[WORK TO COMPLETE]
Exactly reproduce the lines of the listing below from the one containing "启动仪式结束后,大家在讲解员" through the one containing "Material Quality:sturdy Colour:black". Skip the images.
### DATA RECORDS
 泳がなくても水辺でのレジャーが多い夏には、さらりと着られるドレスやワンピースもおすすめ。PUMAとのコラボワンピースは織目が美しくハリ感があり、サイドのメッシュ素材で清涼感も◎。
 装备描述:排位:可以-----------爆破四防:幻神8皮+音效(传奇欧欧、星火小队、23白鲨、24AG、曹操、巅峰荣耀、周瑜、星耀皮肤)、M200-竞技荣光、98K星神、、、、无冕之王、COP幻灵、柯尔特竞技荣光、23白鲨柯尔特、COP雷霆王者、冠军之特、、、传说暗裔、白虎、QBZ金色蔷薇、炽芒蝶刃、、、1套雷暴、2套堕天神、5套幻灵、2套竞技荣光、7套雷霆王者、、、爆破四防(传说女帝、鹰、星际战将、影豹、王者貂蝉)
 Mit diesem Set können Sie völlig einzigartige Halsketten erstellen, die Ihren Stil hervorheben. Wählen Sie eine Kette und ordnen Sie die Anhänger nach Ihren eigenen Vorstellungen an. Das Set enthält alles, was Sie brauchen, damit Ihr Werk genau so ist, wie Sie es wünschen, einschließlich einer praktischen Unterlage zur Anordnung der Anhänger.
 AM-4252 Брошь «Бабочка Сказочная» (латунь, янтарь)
######
### DATA RECORDS
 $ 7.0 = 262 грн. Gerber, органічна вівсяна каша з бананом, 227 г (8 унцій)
######
### DATA RECORDS
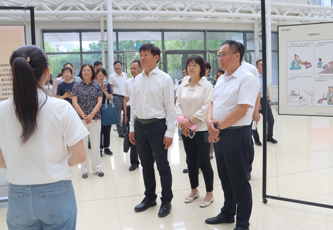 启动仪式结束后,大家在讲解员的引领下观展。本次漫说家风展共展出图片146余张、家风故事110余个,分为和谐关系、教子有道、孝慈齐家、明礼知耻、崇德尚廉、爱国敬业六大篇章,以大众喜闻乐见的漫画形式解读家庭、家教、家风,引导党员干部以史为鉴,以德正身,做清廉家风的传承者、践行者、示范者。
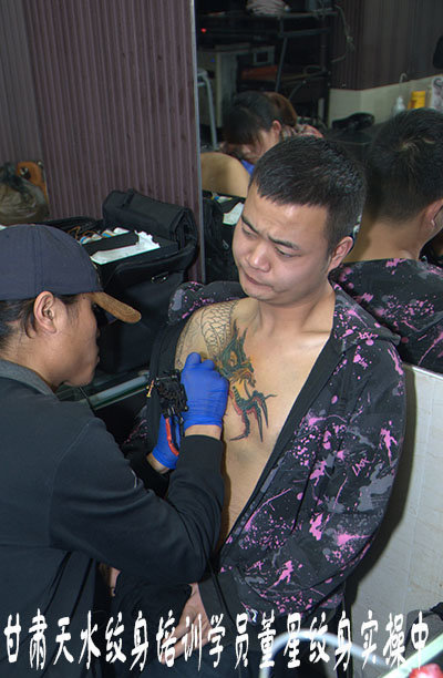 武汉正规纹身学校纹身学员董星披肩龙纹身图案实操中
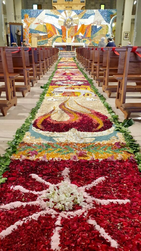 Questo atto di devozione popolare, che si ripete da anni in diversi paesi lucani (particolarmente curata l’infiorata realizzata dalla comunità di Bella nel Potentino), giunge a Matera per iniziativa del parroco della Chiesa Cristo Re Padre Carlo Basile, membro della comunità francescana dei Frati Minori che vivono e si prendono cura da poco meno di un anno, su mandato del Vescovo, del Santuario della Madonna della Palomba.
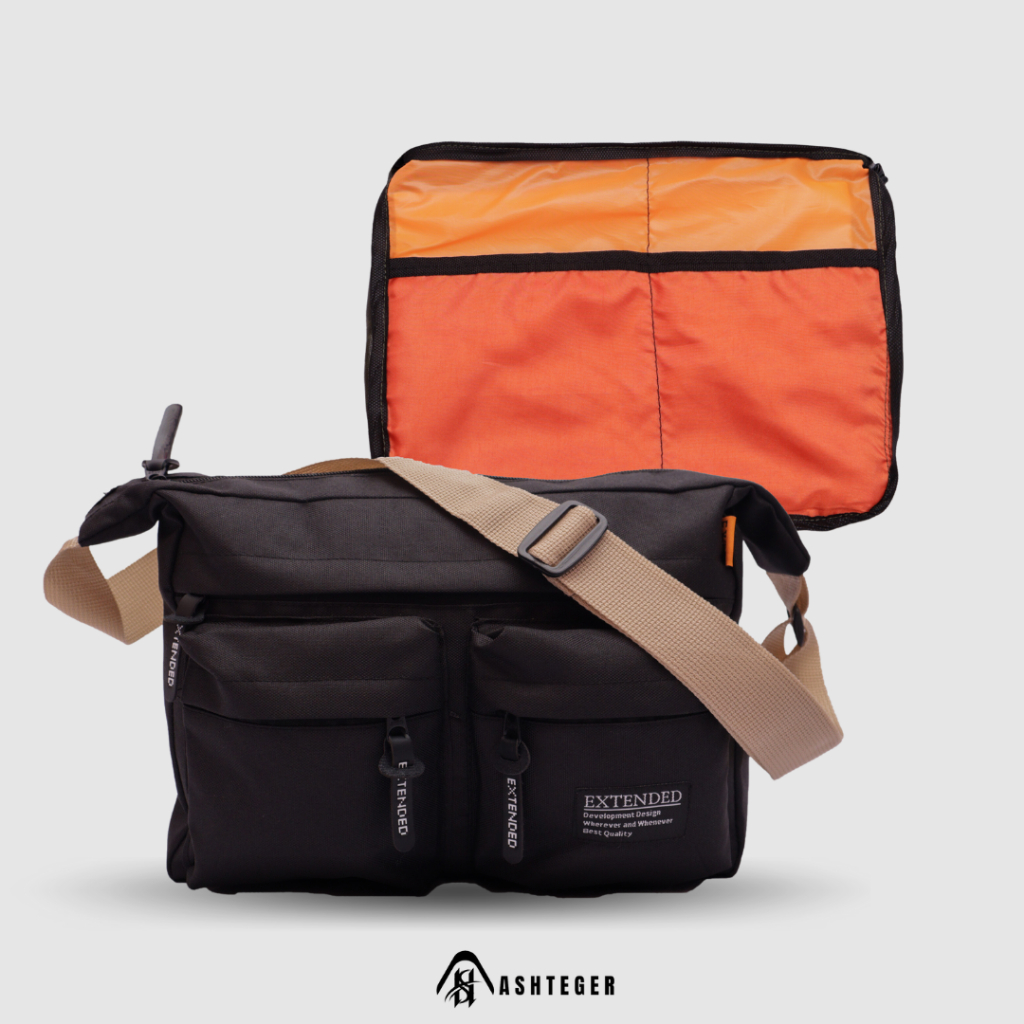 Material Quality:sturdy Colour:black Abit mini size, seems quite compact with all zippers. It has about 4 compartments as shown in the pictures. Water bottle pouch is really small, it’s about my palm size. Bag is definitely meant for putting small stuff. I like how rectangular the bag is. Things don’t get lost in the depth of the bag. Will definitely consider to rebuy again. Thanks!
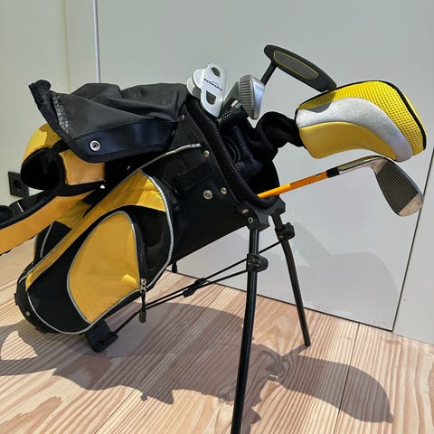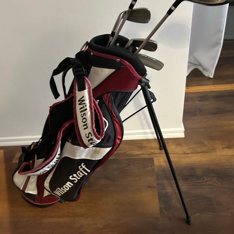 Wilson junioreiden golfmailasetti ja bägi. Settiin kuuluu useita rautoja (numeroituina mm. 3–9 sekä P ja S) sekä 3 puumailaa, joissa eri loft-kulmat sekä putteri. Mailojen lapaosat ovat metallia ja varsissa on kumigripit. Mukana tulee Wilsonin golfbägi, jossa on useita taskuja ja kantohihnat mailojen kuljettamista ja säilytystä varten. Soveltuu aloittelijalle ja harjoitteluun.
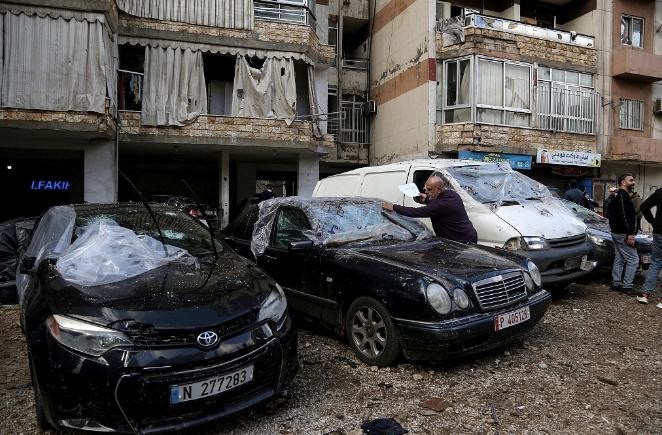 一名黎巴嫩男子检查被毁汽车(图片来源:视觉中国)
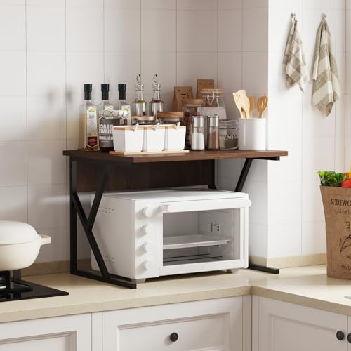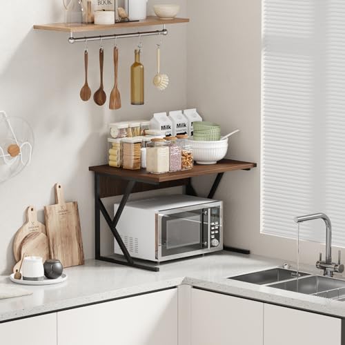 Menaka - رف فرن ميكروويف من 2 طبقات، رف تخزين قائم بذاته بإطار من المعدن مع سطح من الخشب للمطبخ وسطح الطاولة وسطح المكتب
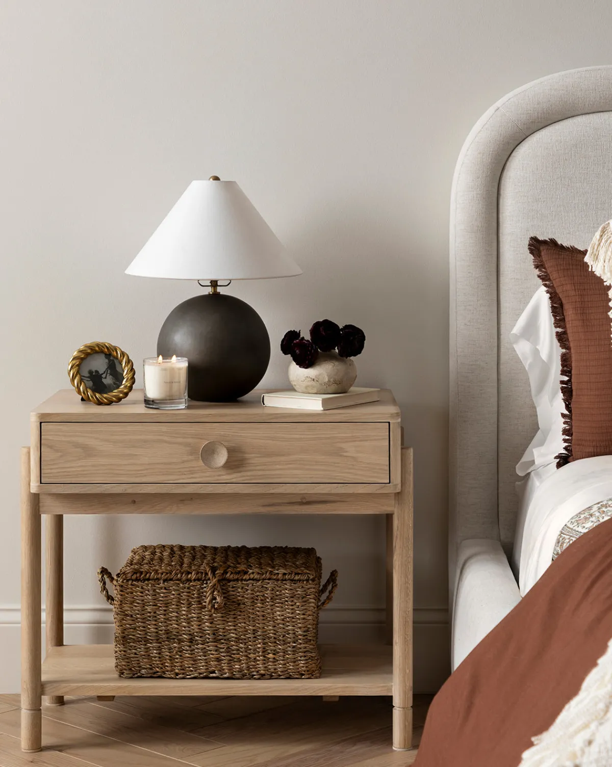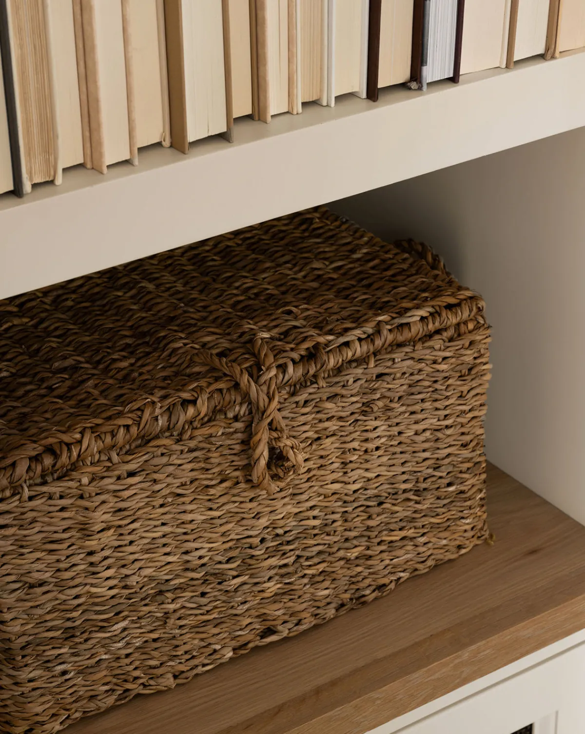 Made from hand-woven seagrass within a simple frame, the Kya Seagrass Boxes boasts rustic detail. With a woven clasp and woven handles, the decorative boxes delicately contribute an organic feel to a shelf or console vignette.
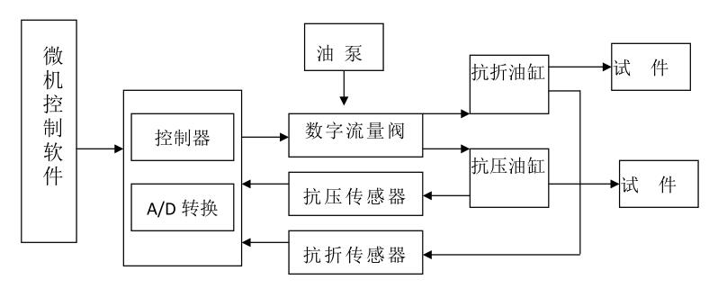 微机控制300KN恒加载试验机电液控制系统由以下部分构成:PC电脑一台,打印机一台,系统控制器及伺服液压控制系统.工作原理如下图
######
[EXPECTED ANSWER]
 启动仪式结束后,大家在讲解员的引领下观展。本次漫说家风展共展出图片146余张、家风故事110余个,分为和谐关系、教子有道、孝慈齐家、明礼知耻、崇德尚廉、爱国敬业六大篇章,以大众喜闻乐见的漫画形式解读家庭、家教、家风,引导党员干部以史为鉴,以德正身,做清廉家风的传承者、践行者、示范者。
 武汉正规纹身学校纹身学员董星披肩龙纹身图案实操中
 Questo atto di devozione popolare, che si ripete da anni in diversi paesi lucani (particolarmente curata l’infiorata realizzata dalla comunità di Bella nel Potentino), giunge a Matera per iniziativa del parroco della Chiesa Cristo Re Padre Carlo Basile, membro della comunità francescana dei Frati Minori che vivono e si prendono cura da poco meno di un anno, su mandato del Vescovo, del Santuario della Madonna della Palomba.
 Material Quality:sturdy Colour:black Abit mini size, seems quite compact with all zippers. It has about 4 compartments as shown in the pictures. Water bottle pouch is really small, it’s about my palm size. Bag is definitely meant for putting small stuff. I like how rectangular the bag is. Things don’t get lost in the depth of the bag. Will definitely consider to rebuy again. Thanks!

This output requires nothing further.